The top Rugby Union club in Edinburgh is Edinburgh Rugby, who play in the Celtic League - with other top class Scottish, Welsh and Irish clubs. The club uses the Castle Ground at the Murrayfield Stadium, to the west of the city centre. However, if you fancy watching some rugby closer to the city centre, just a ten minute walk away from Princes Street is the Raeburn Place ground of Edinburgh Academical FC. The founding member of the Scottish Rugby Union, the club was formed in 1857 - as such it is the second oldest rugby club in the world. However, it is actually thought that 1851 was the first occasion that rugby was played at the Edinburgh Academy, from which the club gets its name. The 1st team currently plays in the Scottish Premiership Division I. Murrayfield Stadium is, of course, the national rugby stadium for Scotland. Originally opened in 1925, it is the stadium that holds the record attendance for a Rugby Union match in Britain, when 104,000 spectators saw Scotland play Wales in 1975. In 1995 it had a major refurbishment and is now an all-seater stadium with a capacity of 67,800 and is used for a variety of sporting and leisure events.

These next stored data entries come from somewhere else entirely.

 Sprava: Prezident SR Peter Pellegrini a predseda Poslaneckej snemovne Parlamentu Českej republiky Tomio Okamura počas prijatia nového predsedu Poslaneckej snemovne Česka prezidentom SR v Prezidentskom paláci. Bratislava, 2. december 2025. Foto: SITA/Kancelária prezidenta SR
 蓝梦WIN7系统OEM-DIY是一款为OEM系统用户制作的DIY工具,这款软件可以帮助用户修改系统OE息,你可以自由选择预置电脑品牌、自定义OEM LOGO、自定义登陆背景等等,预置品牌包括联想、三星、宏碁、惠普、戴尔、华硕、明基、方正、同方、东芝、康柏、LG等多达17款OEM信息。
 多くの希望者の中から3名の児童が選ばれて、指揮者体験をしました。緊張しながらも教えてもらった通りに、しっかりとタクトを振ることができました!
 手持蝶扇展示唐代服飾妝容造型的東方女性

Next to the rugby stadium is the Murrayfield Ice Rink, which as well as having an Olympic sized ice rink is the largest seated indoor arena stadium in Scotland with 3500 seats. Although the building was completed in 1939 it didn’t really start to function as an ice-rink until 1952. The venue is now used for a variety of indoor sports as well as ice dancing and speed skating; these include wrestling, ice speedway and even dance competitions. However, the stadium is probably best known these days as the home of the city’s major Ice Hockey club. Edinburgh Capitals are the senior Ice Hockey team based at Murrayfield and are currently in the UK Elite League - the top flight of UK Ice Hockey.

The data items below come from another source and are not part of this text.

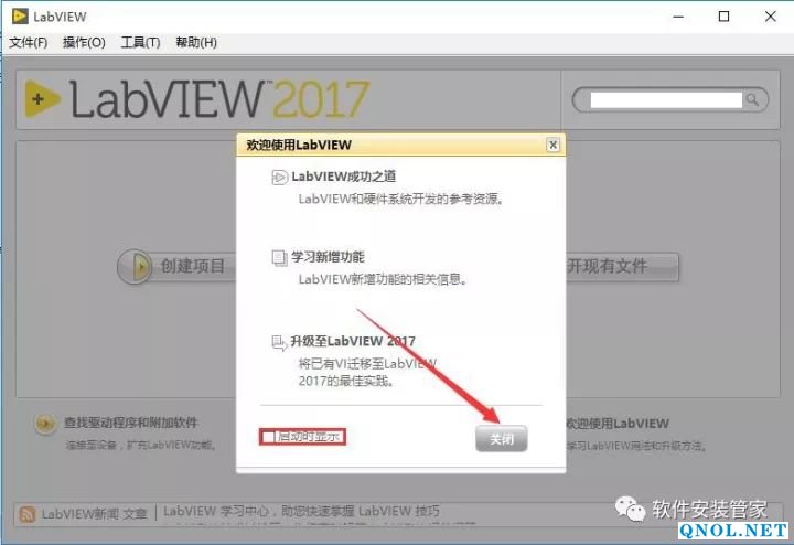 27、在开始菜单栏中找到LabVIEW2017软件打开,取消勾选启动时显示,使其处于未选中状态,点击关闭。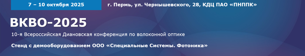 Приглашаем вас и ваших коллег посетить демозону компании «Специальные Системы. Фотоника» в рамках 10-й Всероссийской Диановской конференции по волоконной оптике «ВКВО-2025».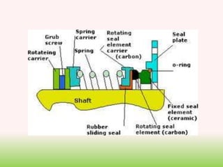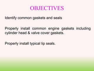 Seals and gaskets are used to prevent leaks and confine fluids like oil, water, gas and exhaust. Common gasket materials include cork-rubber, synthetic rubber and embossed steel. Leaks can occur if gaskets or seals are worn, parts are bent, fasteners are too loose or tight, or gaskets are installed improperly. Proper installation of gaskets and seals requires cleaning surfaces, checking for fit, and tightening correctly in steps according to specifications to prevent future leaks.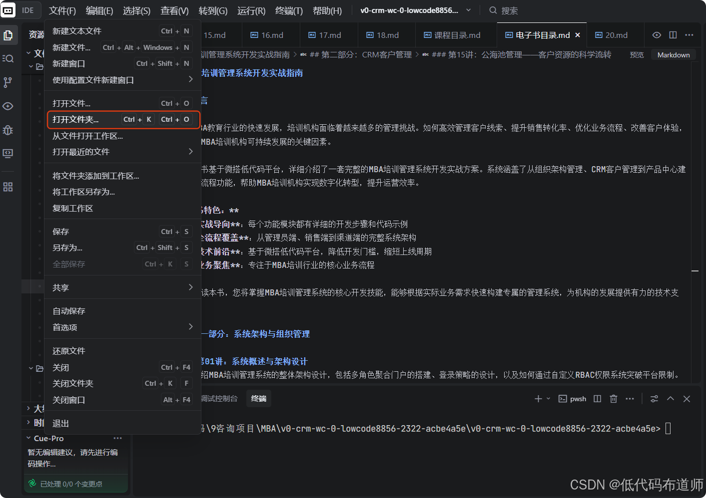 初始化成功后,需要按照项目必要的依赖型。打开我们的trae,点击文件-》打开文件夹,选择我们的工程目录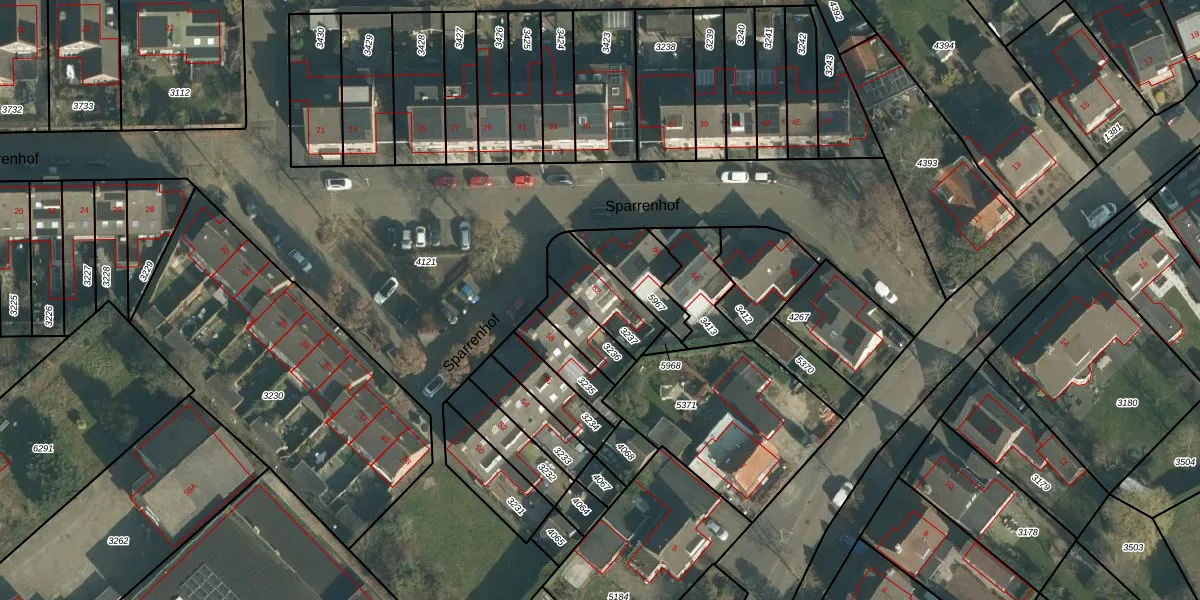 Het perceel waarop Sparrenhof 62 staat heeft een oppervlakte van 174 m². Dit is een middelgroot perceel. De perceeloppervlakte wordt geregistreerd door het Kadaster. Gedetailleerde informatie over de maten van dit perceel kunt u vinden in het rapport Kadastrale kaart met maatvoering van Sparrenhof 62.

There is absolutely no shortage of golf courses in and around Edinburgh. However, the cream of the courses in this area has to be Muirfield - one of the courses used for the Open Championship. The ‘Open’ has been held here 15 times with the most recent one being in 2002, when Ernie Els won after a four way play-off. The golf course is at Gullane on the road to North Berwick. Also, not far away from Edinburgh, at Dunbar is some of the best surfing in Scotland. Of course no Scottish city can be without a ‘snow’ sports centre. Boasting the longest artificial ski-slope in Britain; the Midlothian Snow Sports Centre is actually owned and operated by the Midlothian Council and is just outside the city boundary off the A702 at Hillend. The centre specialises in skiing and snow-boarding lessons and development.

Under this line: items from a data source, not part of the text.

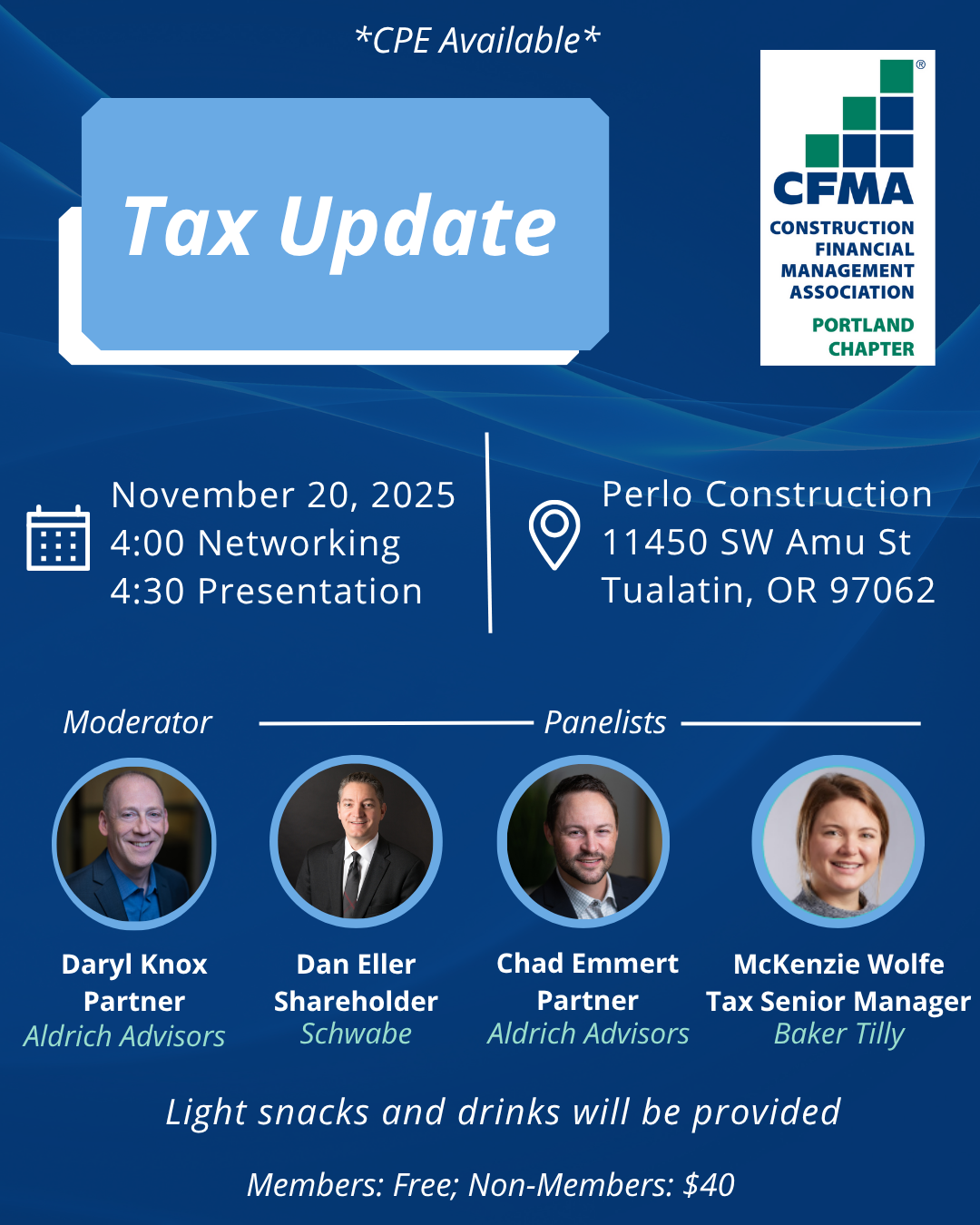 Chad Emmert: Chad joined Aldrich in 2006 and became a partner in 2020. Chad has 20 years of public accounting experience and has been providing his clients with expertise in strategic tax planning, multi-state, and general tax compliance services, as well as business sale consulting and transaction support. He spends his time focusing on construction and construction-related clients. Chad graduated with his Bachelor of Science degrees in Financial Accounting and Business Management from Corban University and is a Certified Public Accountant in Oregon with his CCIFP certification. Chad has presented seminars and classes for AGC, CFMA, ACEC and currently serves as the treasurer for the AGC Foundation.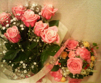 今日、3年間勤めた会社を退職しました。お祝いの花束もらった(^-^)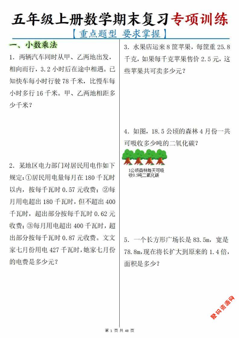 聚码网 五年级 五年级上册数学期末复习专项训练 http://www.appstore168.com/116204.html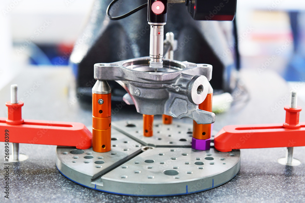 Close up automatic coordinate measurement machine (CMM) for inspection high precision part during working

Edinburgh Leisure is the city council department providing recreational and sports amenities to the local citizens. Facilities available in Edinburgh include the Meadowbank Sports Centre with its indoor and outdoor facilities, many of which were built and refurbished for the 1970 and 1986 Commonwealth Games, which were held in the city - as were the Olympic size swimming and diving pools at the nearby Royal Commonwealth Pool. Outdoor facilities at Meadowbank include a 250m velodrome and a 7000 seat athletics stadium.